Поскольку, как сказал Скотт, мы все отбарабанили срок в лагере «Кэссиди», этот рассказ ни у кого не вызвал удивления. Странно было скорее то, что проколы вообще дошли до Вашингтона, пусть даже и с опозданием. Но один сюрприз у Скотта все-таки был. Уже собравшись в поход по злачным местам, он дал мне какой-то конверт и сказал:

– Это от Савицкого. Он просил передать тебе, что целый год его мучала совесть. Сказал, что в прошлый раз он кое-что от тебя утаил, но что ты его поймешь.

Открыв конверт, я обнаружил там две тысячи марок – сумму, достаточную для того, чтобы нам с Эрикой роскошно пожить в Париже.
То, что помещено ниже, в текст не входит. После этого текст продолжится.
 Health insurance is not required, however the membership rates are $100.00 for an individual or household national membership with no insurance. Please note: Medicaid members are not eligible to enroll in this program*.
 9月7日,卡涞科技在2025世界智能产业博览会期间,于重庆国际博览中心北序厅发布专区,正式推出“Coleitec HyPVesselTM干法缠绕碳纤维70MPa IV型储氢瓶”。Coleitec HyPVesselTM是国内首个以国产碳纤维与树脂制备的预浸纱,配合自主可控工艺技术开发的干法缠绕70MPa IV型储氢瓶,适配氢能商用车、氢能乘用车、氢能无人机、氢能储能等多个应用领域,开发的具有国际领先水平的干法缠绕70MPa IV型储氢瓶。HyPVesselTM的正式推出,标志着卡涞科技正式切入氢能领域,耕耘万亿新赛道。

Документы на увольнение из армии Манни должен был оформить в Берлине, а потом они с Симоной собирались поехать на машине через Восточную Германию во Франкфурт. Мне же как рядовому разведки полагалось ехать только служебным поездом. Манни, наверно, мог бы захватить и Эрику, но было бы совсем неплохо, если б она могла поехать вместе со мной. Попытка – не пытка, и я решил спросить у Вильямса, можно ли это устроить. У Вильямса с его Ирмгард время от времени случались размолвки, и тогда он ночевал в нашем доме. В такие дни, чтобы поднять у него настроение, я готовил ему завтрак. Однажды утром, когда Вильямс готовился приняться за яичницу, я изложил ему свою просьбу.
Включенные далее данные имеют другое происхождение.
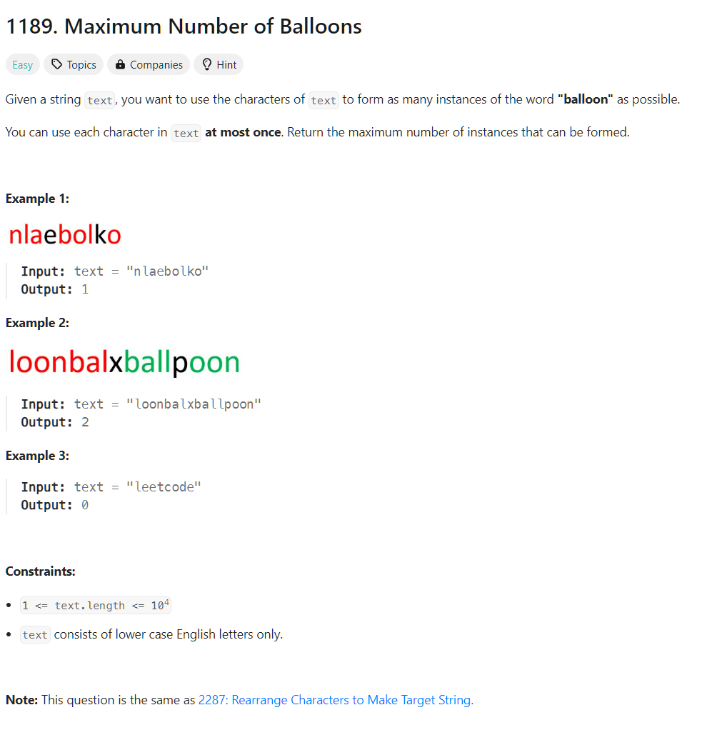 https://leetcode.com/problems/maximum-number-of-balloons/description/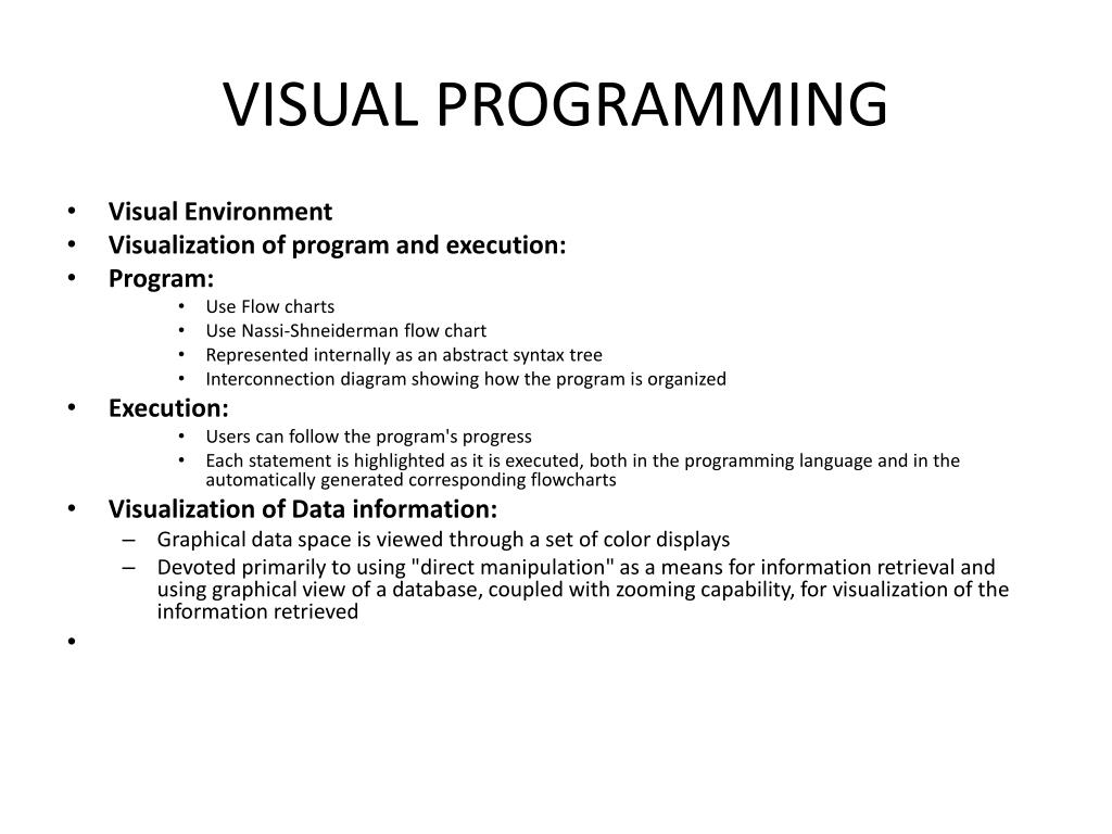 VISUAL PROGRAMMING • Visual Environment • Visualization of program and execution: • Program: • Use Flow charts • Use Nassi-Shneiderman flow chart • Represented internally as an abstract syntax tree • Interconnection diagram showing how the program is organized • Execution: • Users can follow the program's progress • Each statement is highlighted as it is executed, both in the programming language and in the automatically generated corresponding flowcharts • Visualization of Data information: • Graphical data space is viewed through a set of color displays • Devoted primarily to using "direct manipulation" as a means for information retrieval and using graphical view of a database, coupled with zooming capability, for visualization of the information retrieved

– Устроить твоей девушке проезд в служебном поезде? – спросил Вильямс. – И как же, ты думаешь, я это сделаю?

– Не знаю.

– А ты знаешь, что мне будет, если до полковника Фокса дойдет, что я подделываю проездные документы?

– Будет неприятность.

Некоторое время Вильямс сосредоточенно жевал, о чем-то размышляя.

– Тебе когда-нибудь приходило в голову, что все дело в месте?

– Что ты имеешь в виду?

– Вот, скажем, мы с тобой живем душа в душу, ты мне готовишь завтрак, и вообще. Но все это потому, что мы тут, а не в Штатах. А как было бы в Штатах – ты никогда не думал?

– Да так же, по-моему.

– Может, и так же – если бы мы были в армии. А если нет?
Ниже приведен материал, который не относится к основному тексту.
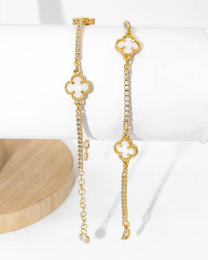 pulsera trébol seguida en oro laminado, Incluye 1 unidad y cuenta con garantía de 5 años por cambio de color.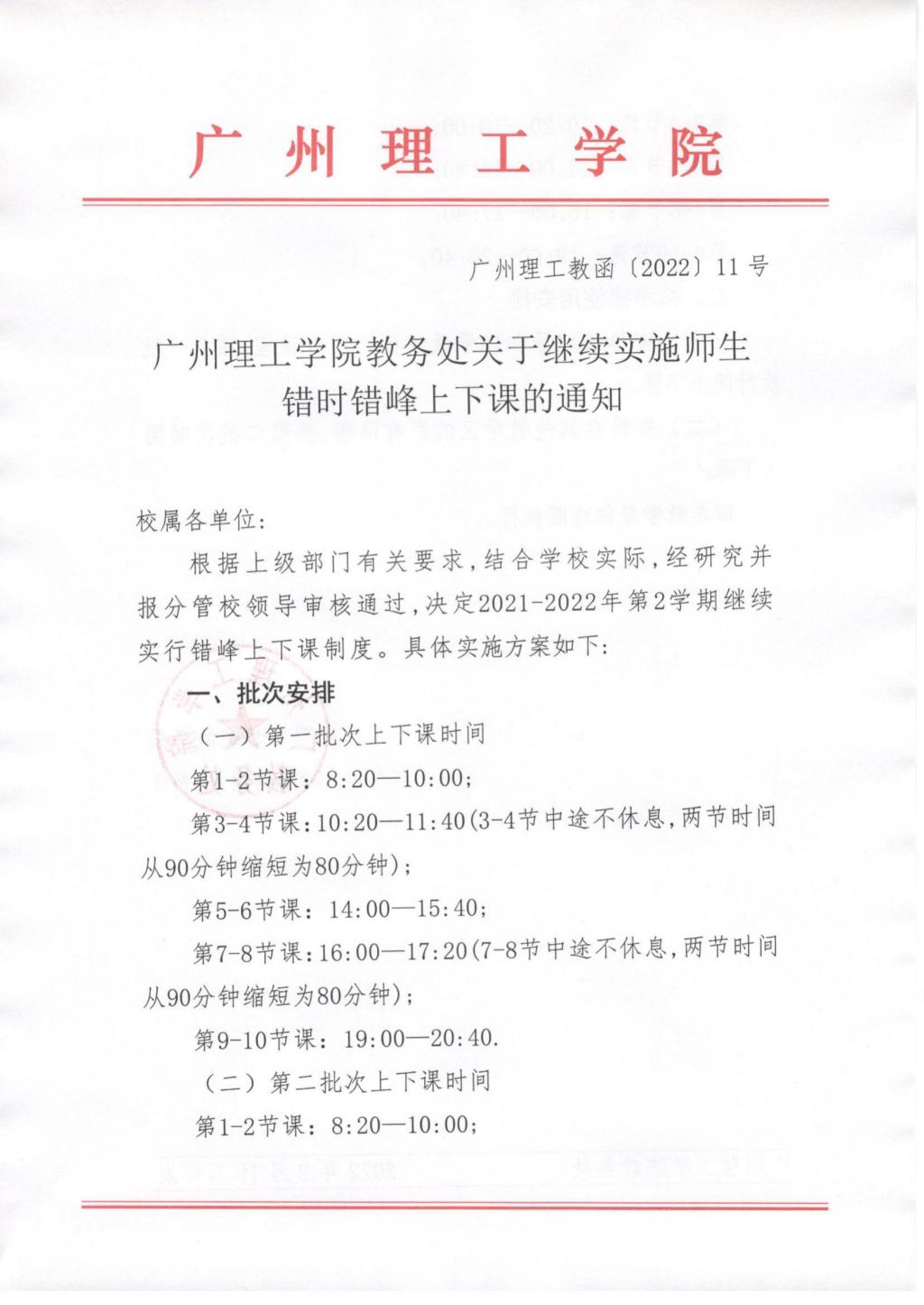 广州理工学院教务处关于继续实施师生错时错峰上下课的通知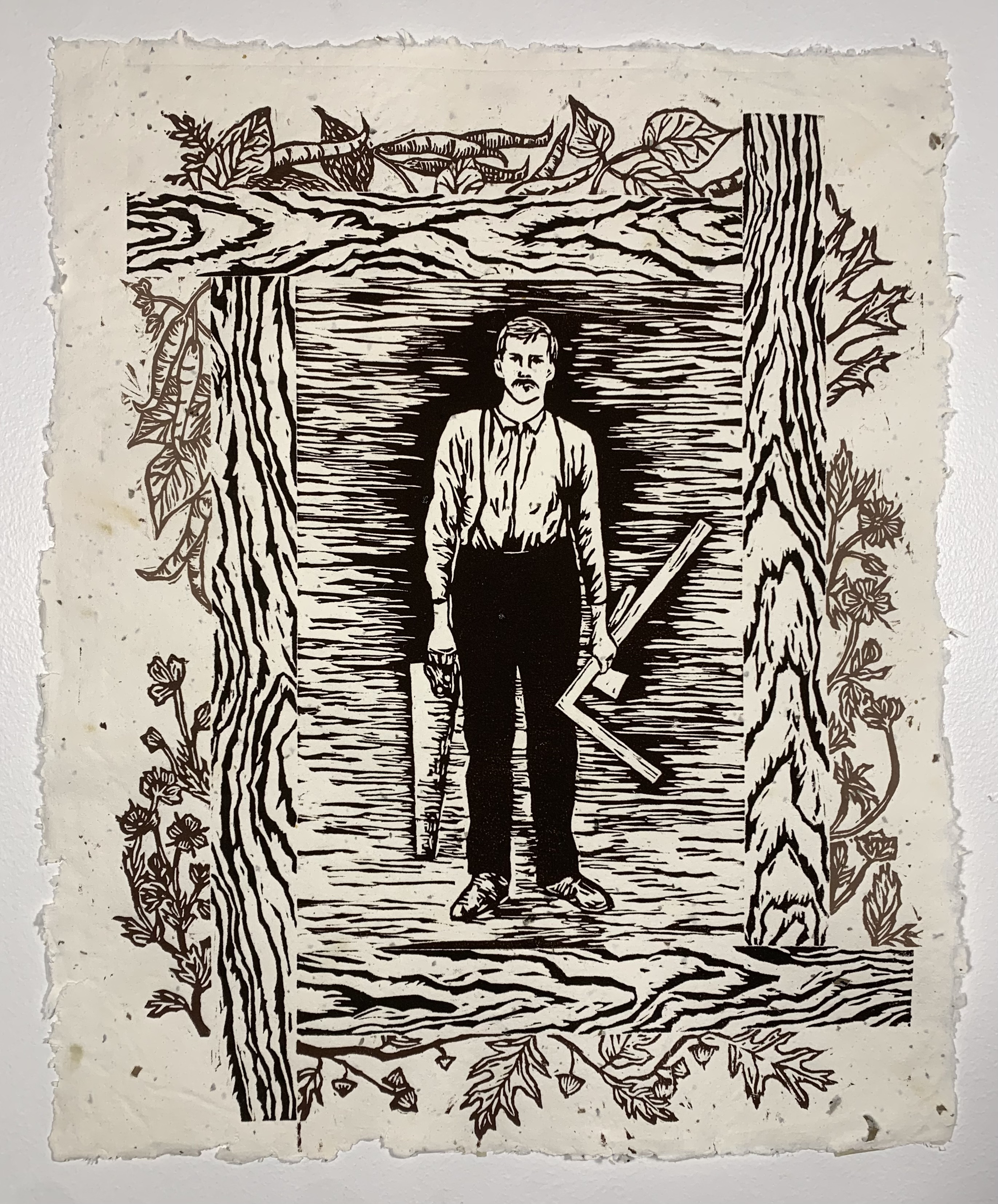 Jamie Shelor, Uncle Flournoy, printmaking, homemade paper, 2025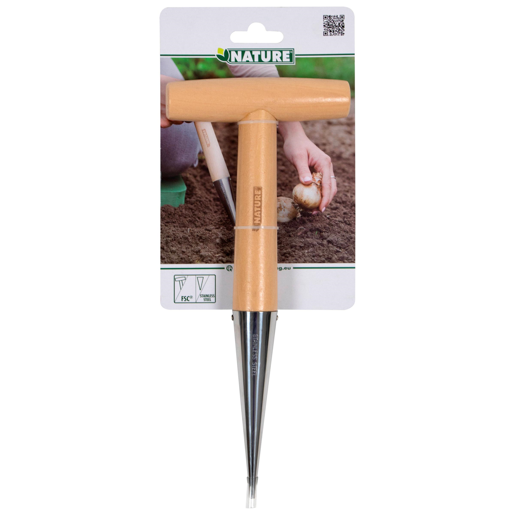 NATURE Pootstok met Houten Kruksteel

– У меня с неграми всегда были хорошие отношения.

– Э, все белые так говорят. А потом отказываются ходить с нами в одну школу. Слушай, только честно, что ты думаешь об интеграции?

Вот уж не гадал, что разговор о билете для Эрики обернется таким образом!

– Думаю, что интеграция обязательно будет.

– Но тебе этого не хочется, а?

– Да нет, почему же.

– Нет, скажи, что ты имеешь против интеграции?

– Ну, некоторые считают, что у всех должно быть право на собственные традиции – африканские, европейские – неважно какие.

– Африканские? Да разве негритята в Алабаме знают хоть что-то про Африку? Они там в жизни не были и в жизни туда не поедут. Это такие же американцы, как все остальные.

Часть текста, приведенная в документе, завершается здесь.